Могучий сыщик опустил глаза. Он думал о мире, которого хоть никогда и не существовало, но в который он когда‑то верил – в детстве, в юности, даже в начале взрослой жизни. В том разноцветном мире родители любили своих детей и интересовались их судьбой. Дети тоже с уважением смотрели на маму с папой, им удавалось в общем и целом расти похожими на них. Конечно, жили там и злые люди, но их было меньше и добрые не давали им воли.
Потом он стал очевидцем студенческих протестов, диких сцен, разыгрывавшихся в идиллическом городе, водометов на Главной улице… Он взглянул на Пильца – типичный состарившийся бунтарь.
Тогда Тойер уже был молодым полицейским – раздраженным тем, что он, поборник добра, внезапно оказался на стороне чего‑то злого. Еще его сердило то, что студенты, не вызывавшие у него особых симпатий, боролись за идеи, которые он понимал и одобрял, по крайней мере в основном.
Давно он не вспоминал ту эпоху, но в Рониной книге была подчеркнута глава «Гейдельбергский коллектив пациентов».

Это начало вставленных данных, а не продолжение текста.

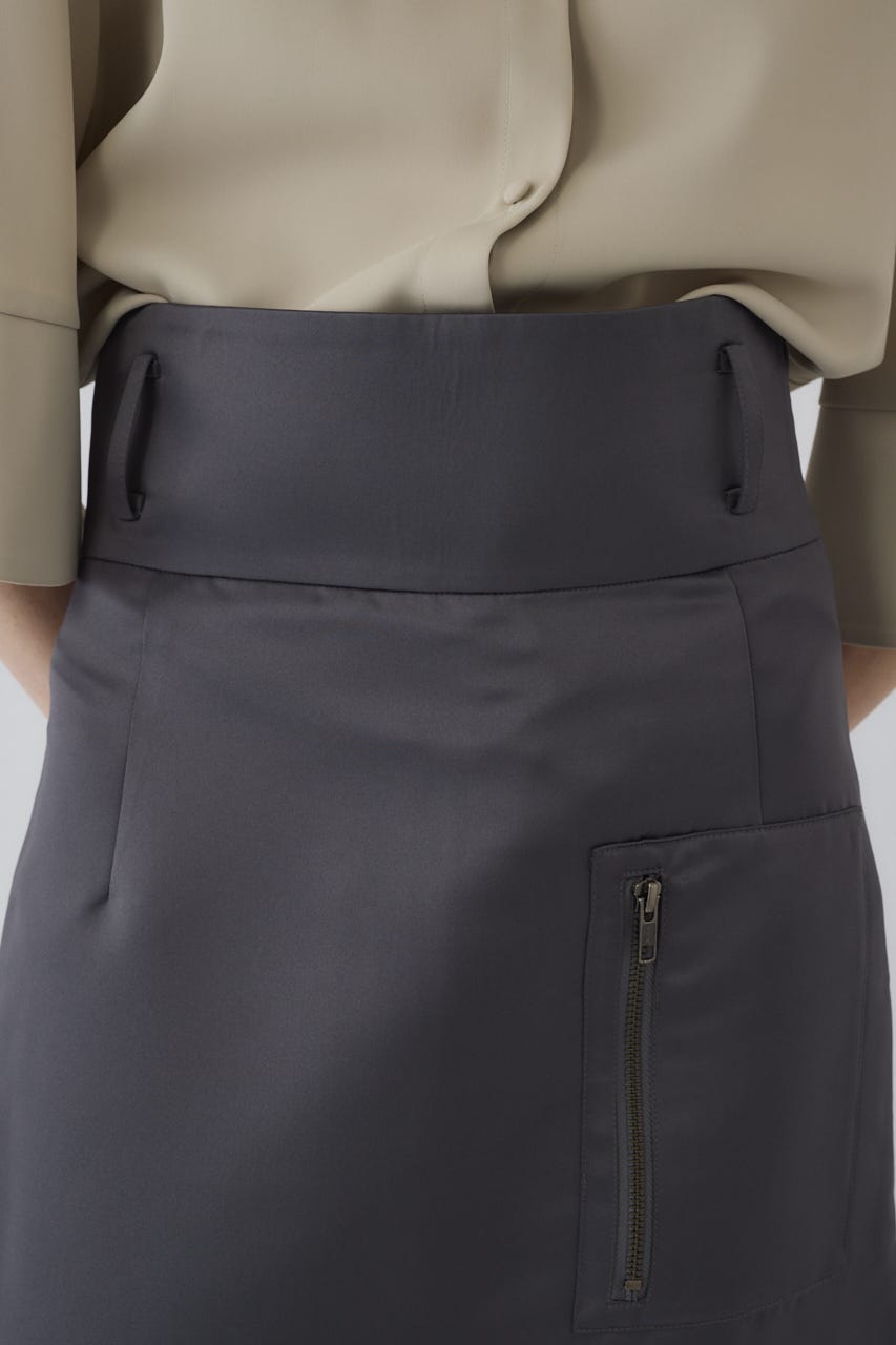 ■POINT:光沢を抑えたマットな見た目のサテン生地のスカート。

– Почему ее интересовало ваше бурное прошлое? – спросил он.
– Это было время, когда мы были молоды, – ответил Пильц, его голос звучал чуточку сдавленно. – Вероятно, она хотела таким образом больше узнать про своего отца.
Дан нервно засопел, но промолчал.
– Где вы живете? – поинтересовался Тойер у Пильца.
– Ну, здесь. В данный момент. – Пильц передернул плечами.
– Мой друг оказался в трудной ситуации, – пояснил Дан. – В настоящее время ему негде жить, он должен собрать массу бумаг. Как только он начнет получать социальную помощь, он подыщет себе жилье, а до тех пор может остаться у меня.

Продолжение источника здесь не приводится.